The chi-square test of independence is used with categorical data to determine whether two variables are related. Record and organize observed frequencies in a contingency table. Then calculate the expected frequencies using the row and column totals. You can use this information in the chi-square formula. Once you have your obtained chi-square value, compare it to the critical value for chi-square to determine if the relationship is significant.

...

To calculate chi-square, you need the observed frequencies and expected frequencies. That is why constructing a contingency table is so important. It helps you organize all the pertinent data. A contingency table is also essential for finding the degrees of freedom so that you can determine the critical value for chi-square. df = (#rows - 1)(#columns - 1) Remember, you do not include the total row or the total column in your numbers for the degrees of freedom. Once you calculate the degrees of freedom, use the Critical Values for Chi-Square Table to find the critical value for chi squared. - *If X^2 obt greater than or equal to X^2 crit* ,then chi-square is significant, and you can reject the null hypothesis. - *If X^2 obt less than X^2 crit*, then chi-square is not significant, and any relationship between the values is due to chance.
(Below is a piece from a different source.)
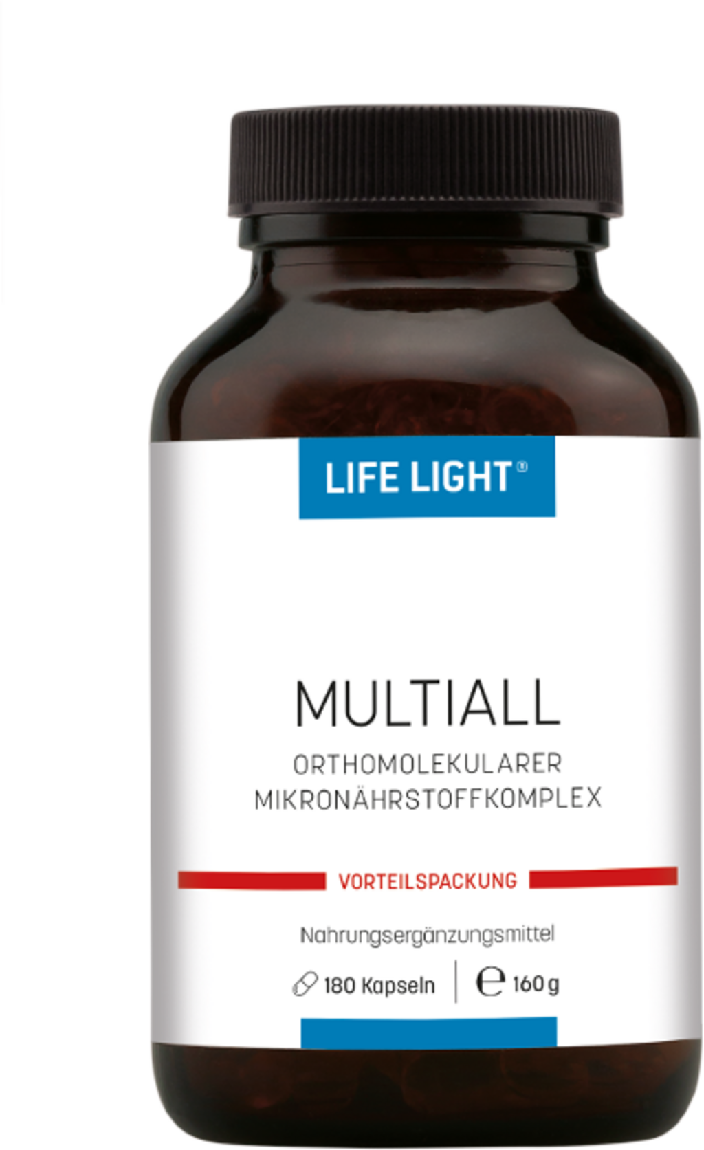 Charakterystyczną cechą Life Light® MultiAll jest nowo wynaleziona formuła " all in one - wszystko w jednym", dla sensownego zaopatrzenia organizmu w witaminy, pierwiastki śladowe i minerały, jako suplement codziennego odżywiania.Dodatkowa zaleta to zawartość tzw. witaminoidów, roślinnych enzymów , jak i bioaktywnych składników roślinnych.

The chi-square test of independence measures the overall difference between observed frequencies and the expected frequencies. The larger the difference is, the larger the chi-square value is. This is necessary for you to establish a true significant relationship between two variables.

...

When applying the chi-square test of independence to the categorical data collected, the first step you take is to create a contingency table to record the observed frequencies and totals of the data. Next, you use the observed frequencies and the expected frequencies that you calculated to determine the value of chi squared. You can then determine whether chi squared is significant and if the relationship between two variables is significant.

...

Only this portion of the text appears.